» WHAT NEEDS TO BE DONE
Find the lines below in which the string "post" occurs. Copy each one.

** INPUT FOR THIS TASK follows **

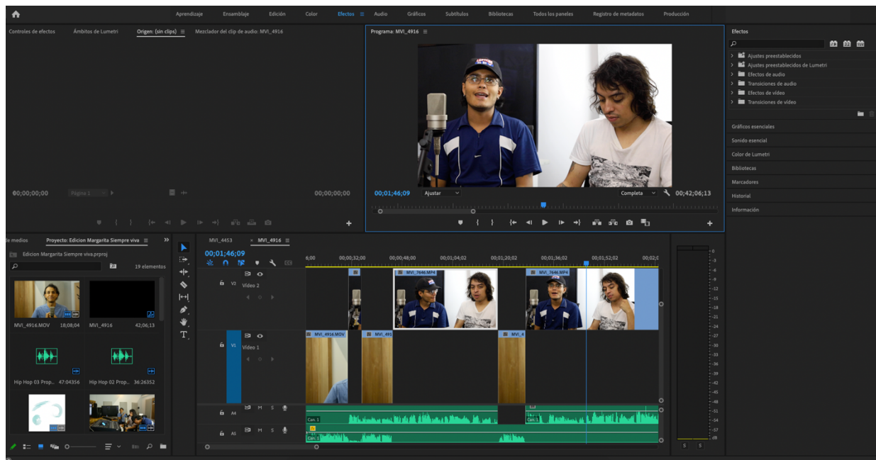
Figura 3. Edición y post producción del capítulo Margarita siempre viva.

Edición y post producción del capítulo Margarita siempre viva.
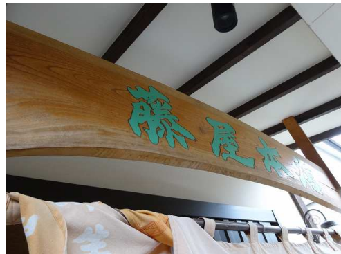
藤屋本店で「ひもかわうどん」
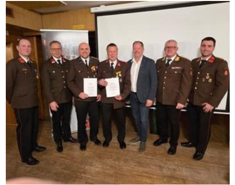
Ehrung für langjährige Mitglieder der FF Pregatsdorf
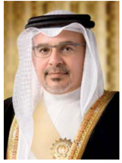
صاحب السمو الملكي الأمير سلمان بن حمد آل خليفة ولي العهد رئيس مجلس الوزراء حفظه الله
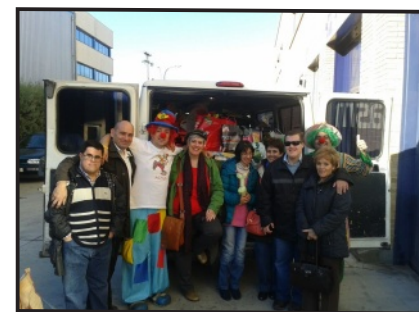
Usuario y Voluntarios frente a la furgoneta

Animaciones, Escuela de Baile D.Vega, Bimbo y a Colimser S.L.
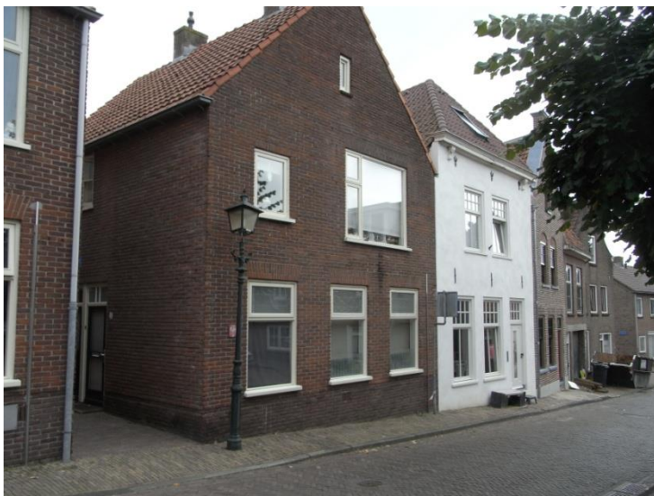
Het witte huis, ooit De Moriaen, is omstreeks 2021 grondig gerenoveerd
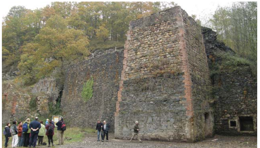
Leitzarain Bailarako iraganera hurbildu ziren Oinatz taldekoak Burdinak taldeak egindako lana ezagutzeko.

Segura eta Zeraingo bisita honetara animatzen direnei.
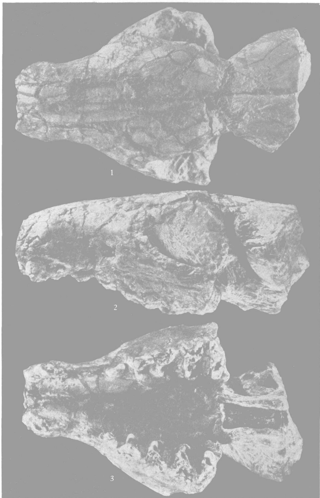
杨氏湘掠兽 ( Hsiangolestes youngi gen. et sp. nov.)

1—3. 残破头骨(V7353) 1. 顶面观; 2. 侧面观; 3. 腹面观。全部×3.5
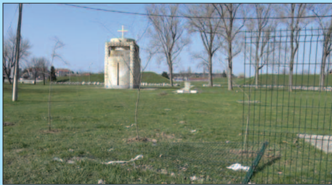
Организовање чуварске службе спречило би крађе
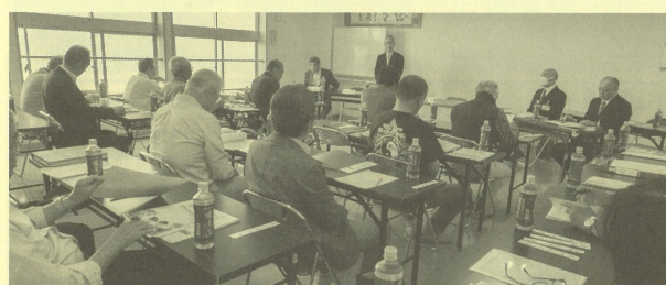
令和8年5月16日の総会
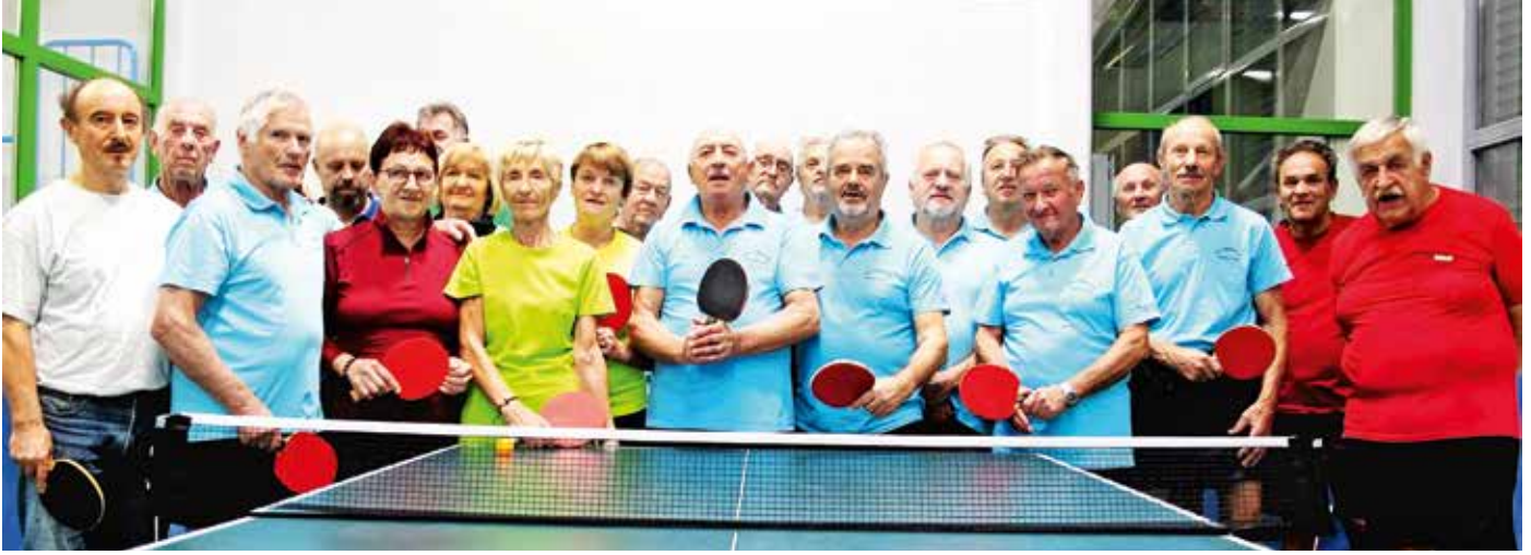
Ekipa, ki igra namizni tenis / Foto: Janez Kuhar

** End of INPUT FOR THIS TASK **

» RESPONSE TO THIS EXERCISE
Figura 3. Edición y post producción del capítulo Margarita siempre viva.
Edición y post producción del capítulo Margarita siempre viva.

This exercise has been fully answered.